● ABOUT THIS TASK
Each line of the records is to be returned verbatim, with the images omitted.

● LISTED RECORDS
<<<<

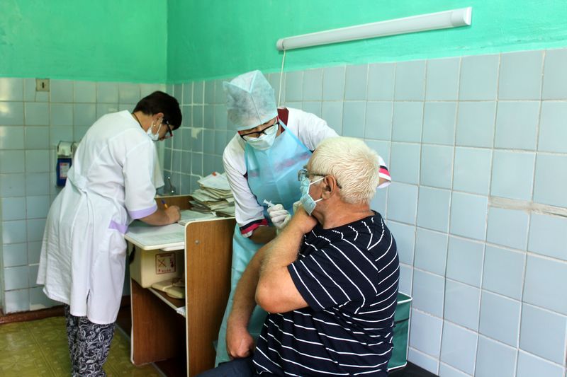 Сделать прививку мог каждый желающий, вне зависимости от пола, возраста, места проживания, в порядке живой очереди после тщательного медосмотра. Доктор спрашивал у пациента о наличии у него хронических заболеваний, аллергических реакций на медпрепараты, общем самочувствии, а также измерял давление, сатурацию, температуру тела, осматривал состояние слизистых носа, горла. Только после обследования каждый человек получал «добро» на вакцинацию. Как рассказали нам во врачебном кабинете, несколько человек по состоянию здоровья не были допущены к проведению прививки, они еще будут обследованы позже, и после улучшения состояния здоровья получат разрешение на эту процедуру.
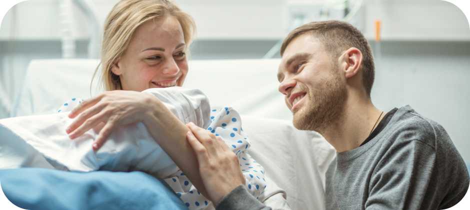 После появления малыша на свет новоиспеченные родители остаются втроем в палате: знакомятся с младенцем, отдыхают.
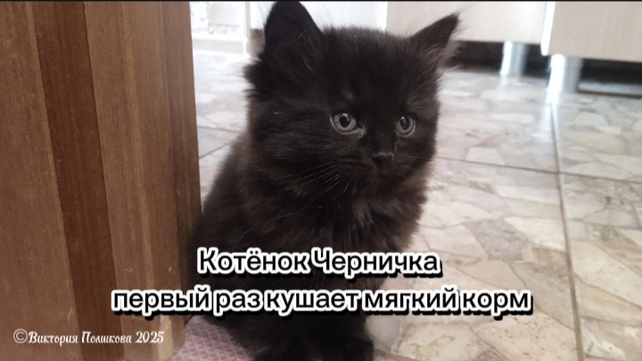 Котёнок Черничка впервые кушает мягкий корм
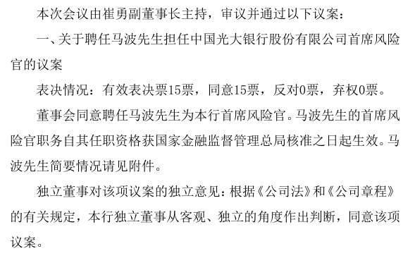 2月24日,光大银行(601818)发布公告称,董事会同意聘任马波为首席风险官,马波的首席风险官职务自其任职资格获国家金融监督管理总局核准之日起生效。
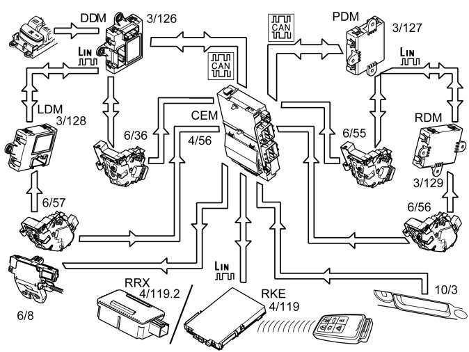 Note! The market in Japan has Remote Keyless Entry (RKE) regardless of if the vehicle is equipped with keyless entry system or not. When the vehicle is not equipped with keyless entry system, the Remote Keyless Entry (RKE) communicates directly with Central electronic module (CEM).
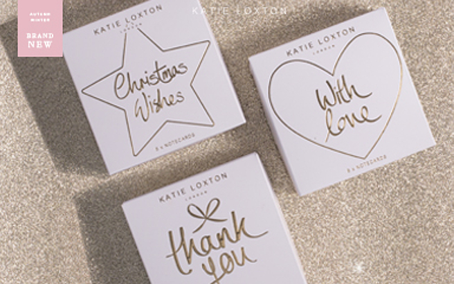 Stilvoll und elegant. Mit den schönen Grußkarten von Katie Loxton lassen sich Gefühle schenken - in glitzerndem, goldenen Design mit goldenem Logo Aufkleber.
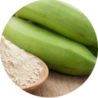 Chứa 30% tinh bột kháng RS2 từ chuối xanh, hỗ trợ tiêu hóa, ổn định đường huyết và cân bằng sức khỏe chuyển hóa.
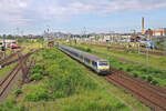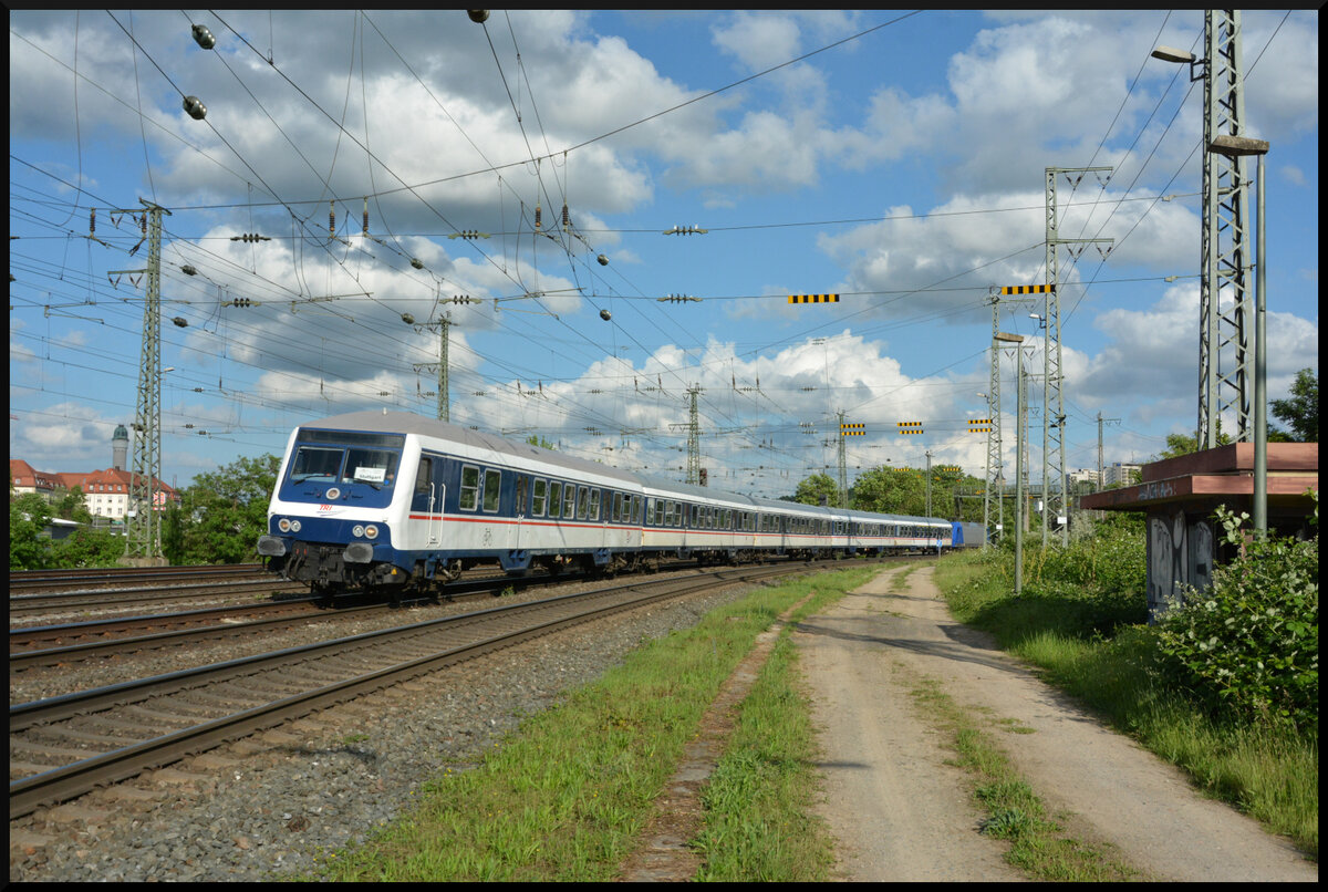Seit eineinhalb Jahren fährt Train Rental International (TRI) für GoAhead Baden-Württemberg Ersatzverkehr auf dem RE8 Würzburg - Stuttgart. Zweimal täglich, vormittags und abends, kommt dabei der TRI-Ersatzzug nach Würzburg. Am Abend des 22.05.2024 rollt die Fuhre in den Würzburger Hbf.
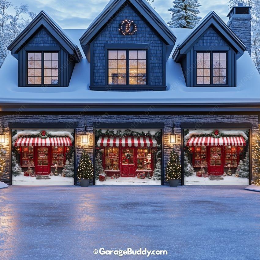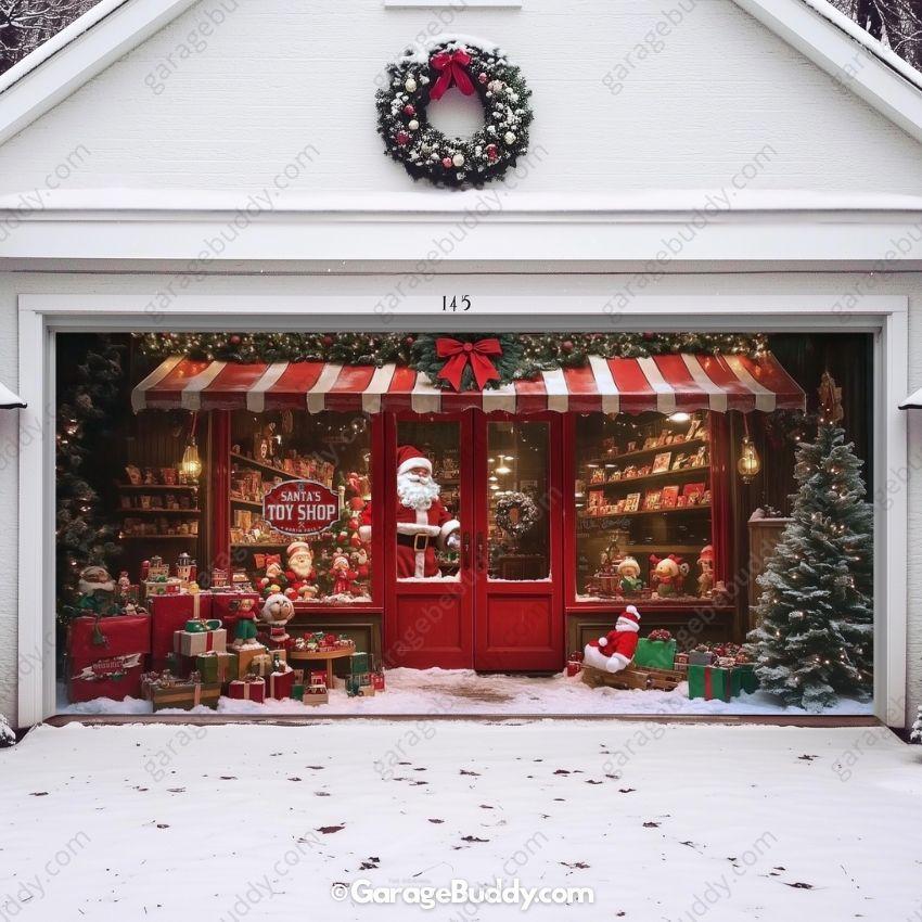 This Santa's Toy Shop Christmas garage door cover instantly transforms your plain garage into a holiday masterpiece that feels straight out of the North Pole.

>>>>

● WRITTEN RESPONSE
 Сделать прививку мог каждый желающий, вне зависимости от пола, возраста, места проживания, в порядке живой очереди после тщательного медосмотра. Доктор спрашивал у пациента о наличии у него хронических заболеваний, аллергических реакций на медпрепараты, общем самочувствии, а также измерял давление, сатурацию, температуру тела, осматривал состояние слизистых носа, горла. Только после обследования каждый человек получал «добро» на вакцинацию. Как рассказали нам во врачебном кабинете, несколько человек по состоянию здоровья не были допущены к проведению прививки, они еще будут обследованы позже, и после улучшения состояния здоровья получат разрешение на эту процедуру.
 После появления малыша на свет новоиспеченные родители остаются втроем в палате: знакомятся с младенцем, отдыхают.
 Котёнок Черничка впервые кушает мягкий корм
 2月24日,光大银行(601818)发布公告称,董事会同意聘任马波为首席风险官,马波的首席风险官职务自其任职资格获国家金融监督管理总局核准之日起生效。
 Note! The market in Japan has Remote Keyless Entry (RKE) regardless of if the vehicle is equipped with keyless entry system or not. When the vehicle is not equipped with keyless entry system, the Remote Keyless Entry (RKE) communicates directly with Central electronic module (CEM).
 Stilvoll und elegant. Mit den schönen Grußkarten von Katie Loxton lassen sich Gefühle schenken - in glitzerndem, goldenen Design mit goldenem Logo Aufkleber.
 Chứa 30% tinh bột kháng RS2 từ chuối xanh, hỗ trợ tiêu hóa, ổn định đường huyết và cân bằng sức khỏe chuyển hóa.
Seit eineinhalb Jahren fährt Train Rental International (TRI) für GoAhead Baden-Württemberg Ersatzverkehr auf dem RE8 Würzburg - Stuttgart. Zweimal täglich, vormittags und abends, kommt dabei der TRI-Ersatzzug nach Würzburg. Am Abend des 22.05.2024 rollt die Fuhre in den Würzburger Hbf.
 This Santa's Toy Shop Christmas garage door cover instantly transforms your plain garage into a holiday masterpiece that feels straight out of the North Pole.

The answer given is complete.